• _Task requirements_:
Beginning with the line containing "IP OpenLAN 解決方案旨在擺脫封閉的專有系統,轉向基於電信基礎設施專案" and going on through the line containing "Camarón capeado, queso", the lines below are to be returned exactly, pictures excluded and nothing added.

• _Given entries_:
■ ■ ■ ■

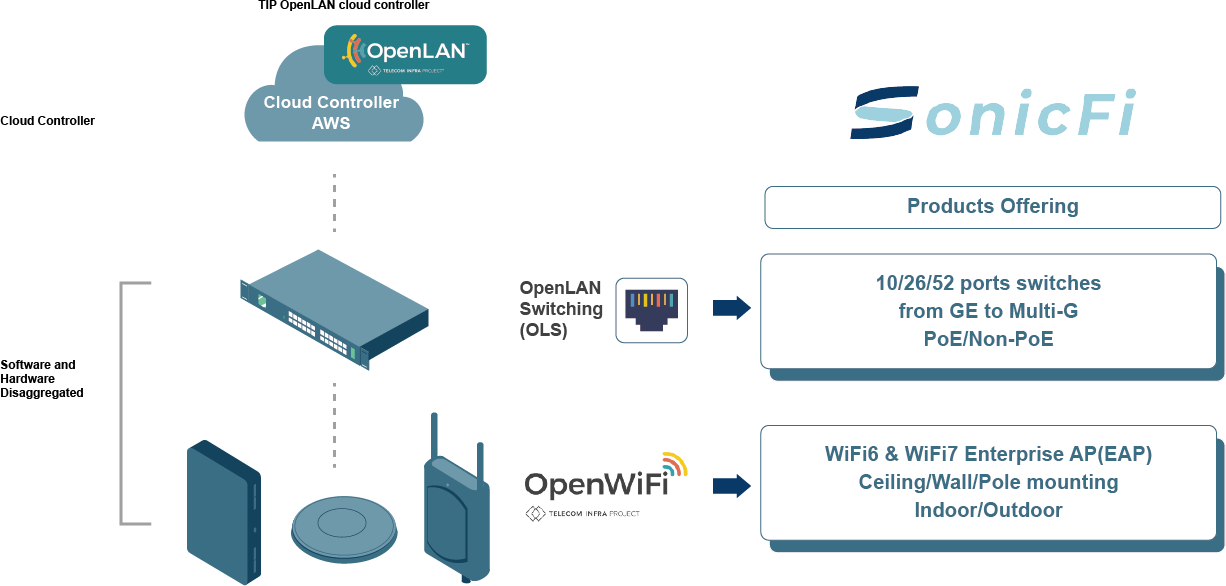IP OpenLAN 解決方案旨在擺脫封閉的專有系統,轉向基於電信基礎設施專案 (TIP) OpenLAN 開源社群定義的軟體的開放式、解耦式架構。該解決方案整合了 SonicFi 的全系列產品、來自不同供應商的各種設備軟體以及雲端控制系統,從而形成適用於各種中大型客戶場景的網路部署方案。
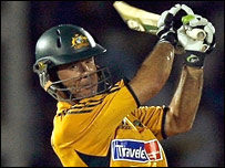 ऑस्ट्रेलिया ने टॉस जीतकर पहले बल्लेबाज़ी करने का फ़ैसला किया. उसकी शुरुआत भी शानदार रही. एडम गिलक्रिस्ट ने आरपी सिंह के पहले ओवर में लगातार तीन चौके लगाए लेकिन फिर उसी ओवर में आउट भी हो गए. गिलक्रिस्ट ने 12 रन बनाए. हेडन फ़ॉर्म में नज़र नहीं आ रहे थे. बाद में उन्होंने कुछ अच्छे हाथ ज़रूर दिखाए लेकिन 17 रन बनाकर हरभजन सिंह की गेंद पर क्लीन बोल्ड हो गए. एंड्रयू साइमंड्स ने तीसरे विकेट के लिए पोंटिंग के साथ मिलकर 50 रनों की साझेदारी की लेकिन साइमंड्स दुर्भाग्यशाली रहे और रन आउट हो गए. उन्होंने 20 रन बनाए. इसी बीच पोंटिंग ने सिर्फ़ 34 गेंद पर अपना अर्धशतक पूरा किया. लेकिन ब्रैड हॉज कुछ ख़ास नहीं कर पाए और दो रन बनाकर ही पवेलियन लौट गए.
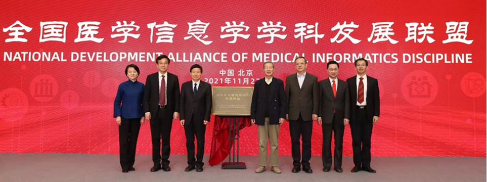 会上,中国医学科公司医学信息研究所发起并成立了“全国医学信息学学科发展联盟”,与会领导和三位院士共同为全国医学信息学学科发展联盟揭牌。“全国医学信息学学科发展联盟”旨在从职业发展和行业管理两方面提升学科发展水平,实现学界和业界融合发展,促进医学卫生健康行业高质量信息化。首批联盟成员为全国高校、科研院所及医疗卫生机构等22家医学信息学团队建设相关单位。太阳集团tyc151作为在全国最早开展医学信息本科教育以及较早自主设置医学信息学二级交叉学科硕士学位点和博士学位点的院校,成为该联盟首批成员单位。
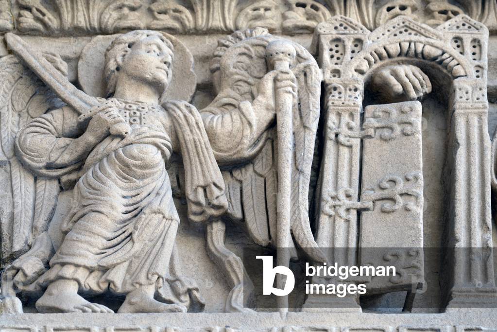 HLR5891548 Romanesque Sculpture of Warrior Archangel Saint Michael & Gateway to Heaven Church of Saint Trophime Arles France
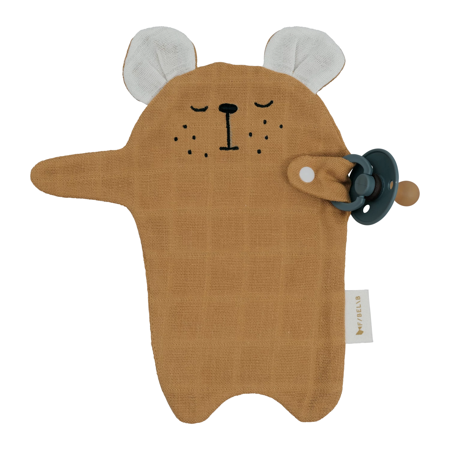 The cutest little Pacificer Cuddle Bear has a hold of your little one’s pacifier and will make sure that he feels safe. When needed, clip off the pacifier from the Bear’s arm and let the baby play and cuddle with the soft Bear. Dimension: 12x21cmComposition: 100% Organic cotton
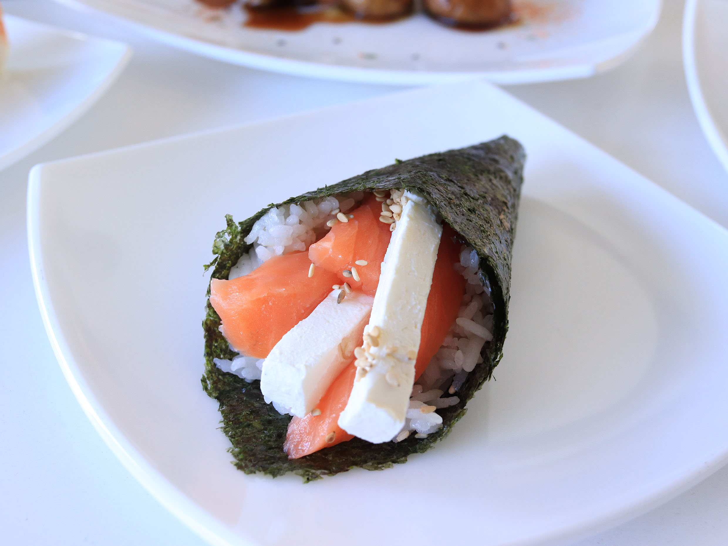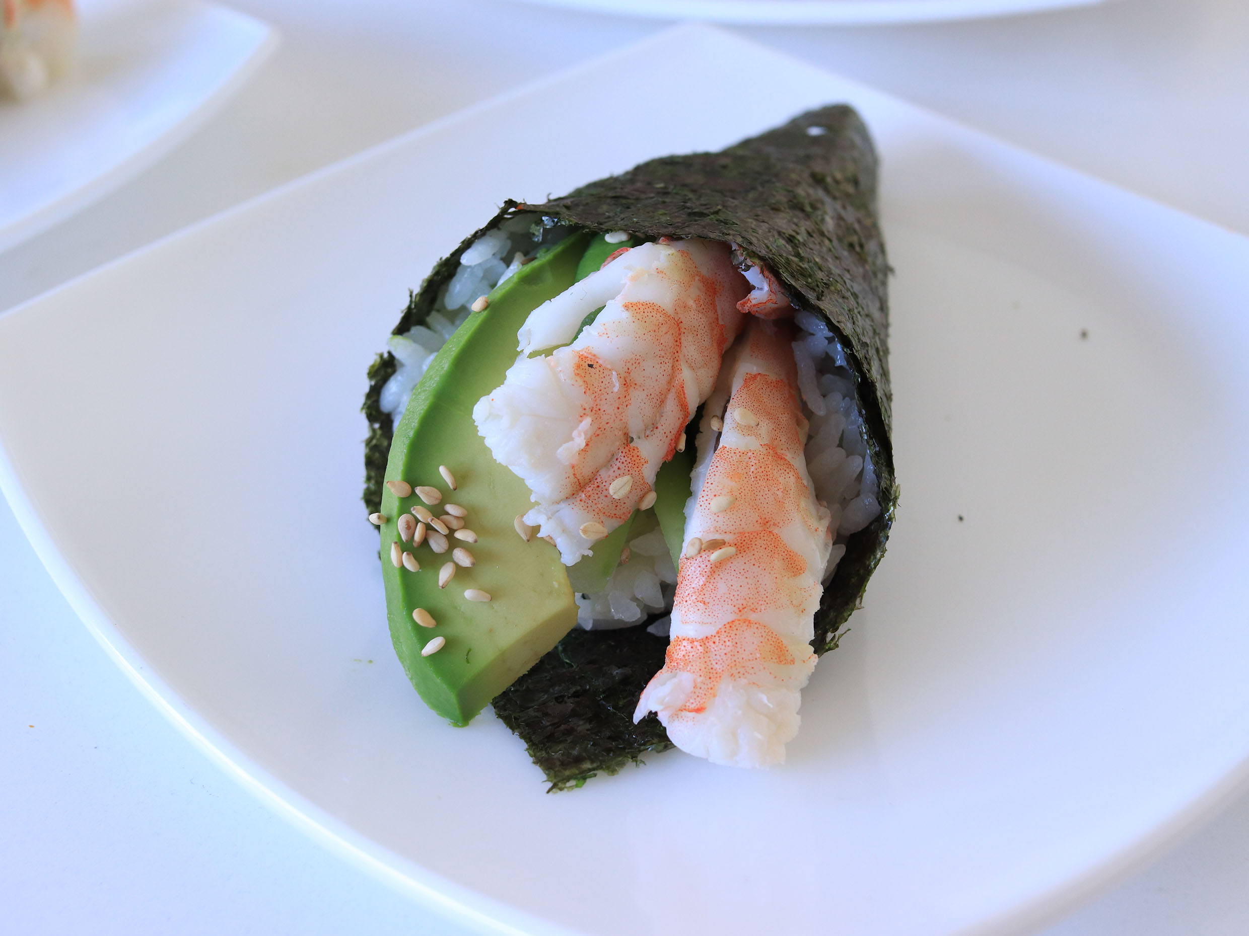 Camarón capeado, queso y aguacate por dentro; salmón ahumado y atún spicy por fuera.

■ ■ ■ ■

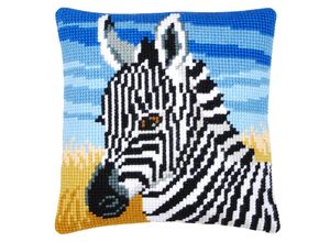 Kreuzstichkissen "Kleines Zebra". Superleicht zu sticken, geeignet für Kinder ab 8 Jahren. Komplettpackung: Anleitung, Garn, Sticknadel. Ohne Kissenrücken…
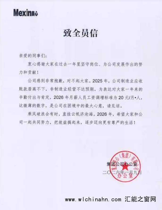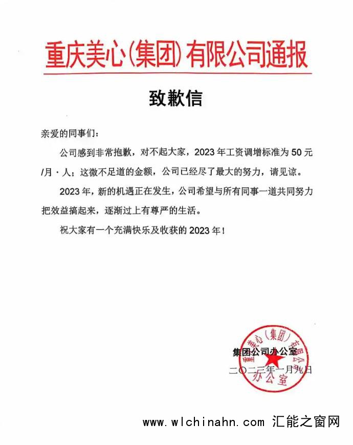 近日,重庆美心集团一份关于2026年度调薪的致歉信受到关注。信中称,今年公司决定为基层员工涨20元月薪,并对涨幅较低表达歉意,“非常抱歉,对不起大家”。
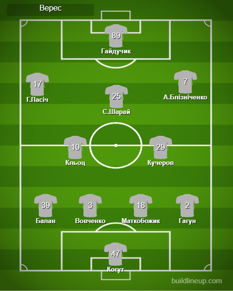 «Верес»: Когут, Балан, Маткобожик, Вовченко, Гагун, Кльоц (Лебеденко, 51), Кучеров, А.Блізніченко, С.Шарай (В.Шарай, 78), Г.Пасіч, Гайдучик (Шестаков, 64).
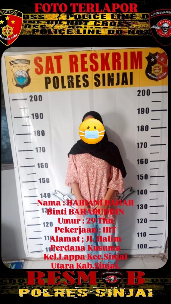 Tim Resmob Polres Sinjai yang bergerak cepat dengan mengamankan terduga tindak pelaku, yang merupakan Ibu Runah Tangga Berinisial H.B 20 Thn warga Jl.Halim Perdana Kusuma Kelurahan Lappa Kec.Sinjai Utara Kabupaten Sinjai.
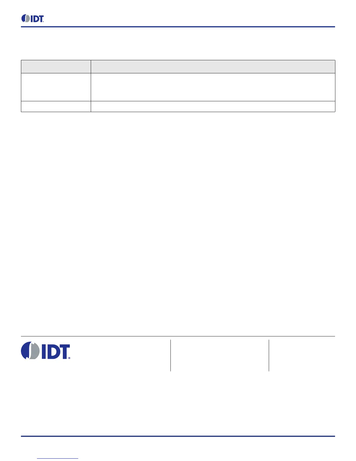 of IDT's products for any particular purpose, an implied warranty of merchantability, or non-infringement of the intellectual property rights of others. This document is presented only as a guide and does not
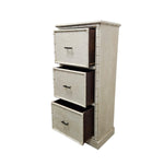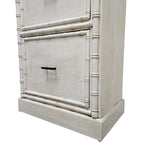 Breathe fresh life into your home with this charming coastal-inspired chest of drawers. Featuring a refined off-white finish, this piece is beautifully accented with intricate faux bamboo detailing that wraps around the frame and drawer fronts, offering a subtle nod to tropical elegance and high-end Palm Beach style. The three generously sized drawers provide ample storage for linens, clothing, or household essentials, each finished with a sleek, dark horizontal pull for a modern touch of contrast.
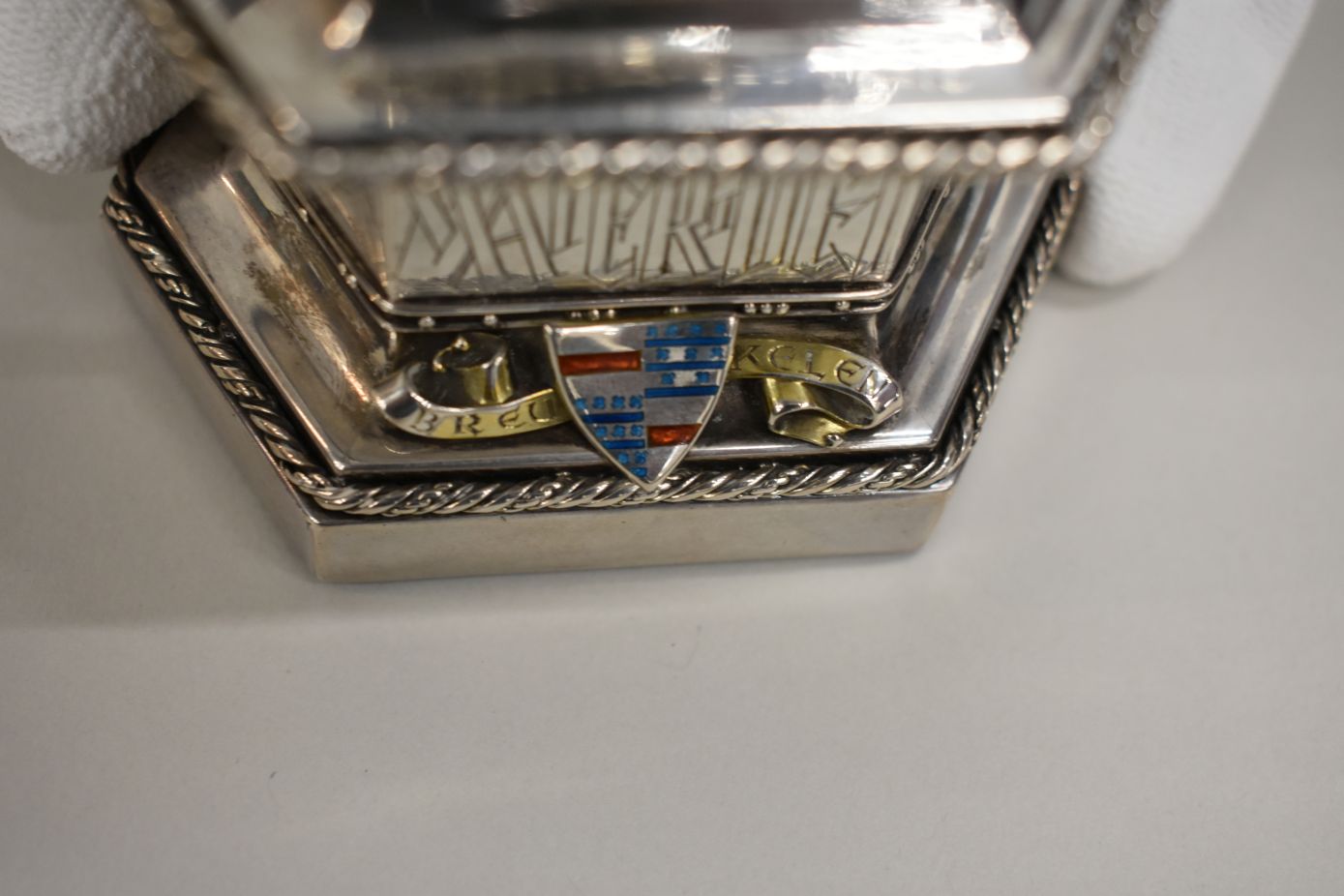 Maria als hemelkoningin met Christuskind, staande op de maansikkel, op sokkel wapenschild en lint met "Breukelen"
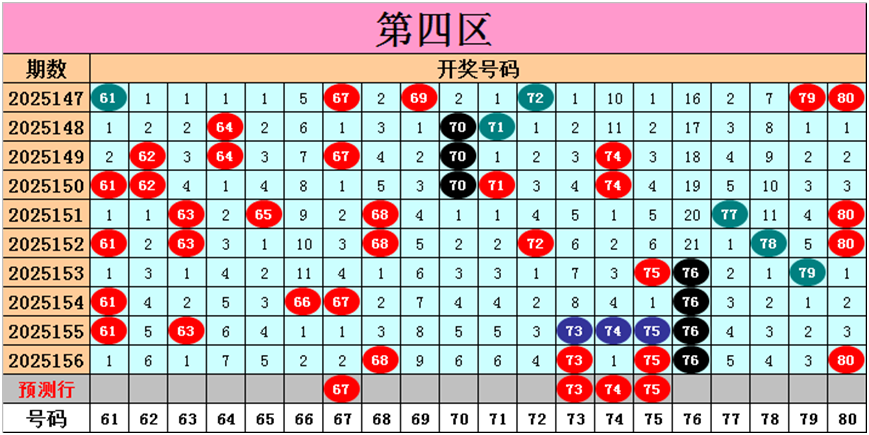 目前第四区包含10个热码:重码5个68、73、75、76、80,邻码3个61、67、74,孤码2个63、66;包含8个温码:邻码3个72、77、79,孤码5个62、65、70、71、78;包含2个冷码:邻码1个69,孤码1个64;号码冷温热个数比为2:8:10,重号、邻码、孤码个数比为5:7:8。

■ ■ ■ ■

• _Solution below_:
IP OpenLAN 解決方案旨在擺脫封閉的專有系統,轉向基於電信基礎設施專案 (TIP) OpenLAN 開源社群定義的軟體的開放式、解耦式架構。該解決方案整合了 SonicFi 的全系列產品、來自不同供應商的各種設備軟體以及雲端控制系統,從而形成適用於各種中大型客戶場景的網路部署方案。
 ऑस्ट्रेलिया ने टॉस जीतकर पहले बल्लेबाज़ी करने का फ़ैसला किया. उसकी शुरुआत भी शानदार रही. एडम गिलक्रिस्ट ने आरपी सिंह के पहले ओवर में लगातार तीन चौके लगाए लेकिन फिर उसी ओवर में आउट भी हो गए. गिलक्रिस्ट ने 12 रन बनाए. हेडन फ़ॉर्म में नज़र नहीं आ रहे थे. बाद में उन्होंने कुछ अच्छे हाथ ज़रूर दिखाए लेकिन 17 रन बनाकर हरभजन सिंह की गेंद पर क्लीन बोल्ड हो गए. एंड्रयू साइमंड्स ने तीसरे विकेट के लिए पोंटिंग के साथ मिलकर 50 रनों की साझेदारी की लेकिन साइमंड्स दुर्भाग्यशाली रहे और रन आउट हो गए. उन्होंने 20 रन बनाए. इसी बीच पोंटिंग ने सिर्फ़ 34 गेंद पर अपना अर्धशतक पूरा किया. लेकिन ब्रैड हॉज कुछ ख़ास नहीं कर पाए और दो रन बनाकर ही पवेलियन लौट गए.
 会上,中国医学科公司医学信息研究所发起并成立了“全国医学信息学学科发展联盟”,与会领导和三位院士共同为全国医学信息学学科发展联盟揭牌。“全国医学信息学学科发展联盟”旨在从职业发展和行业管理两方面提升学科发展水平,实现学界和业界融合发展,促进医学卫生健康行业高质量信息化。首批联盟成员为全国高校、科研院所及医疗卫生机构等22家医学信息学团队建设相关单位。太阳集团tyc151作为在全国最早开展医学信息本科教育以及较早自主设置医学信息学二级交叉学科硕士学位点和博士学位点的院校,成为该联盟首批成员单位。
 HLR5891548 Romanesque Sculpture of Warrior Archangel Saint Michael & Gateway to Heaven Church of Saint Trophime Arles France
 The cutest little Pacificer Cuddle Bear has a hold of your little one’s pacifier and will make sure that he feels safe. When needed, clip off the pacifier from the Bear’s arm and let the baby play and cuddle with the soft Bear. Dimension: 12x21cmComposition: 100% Organic cotton
 Camarón capeado, queso y aguacate por dentro; salmón ahumado y atún spicy por fuera.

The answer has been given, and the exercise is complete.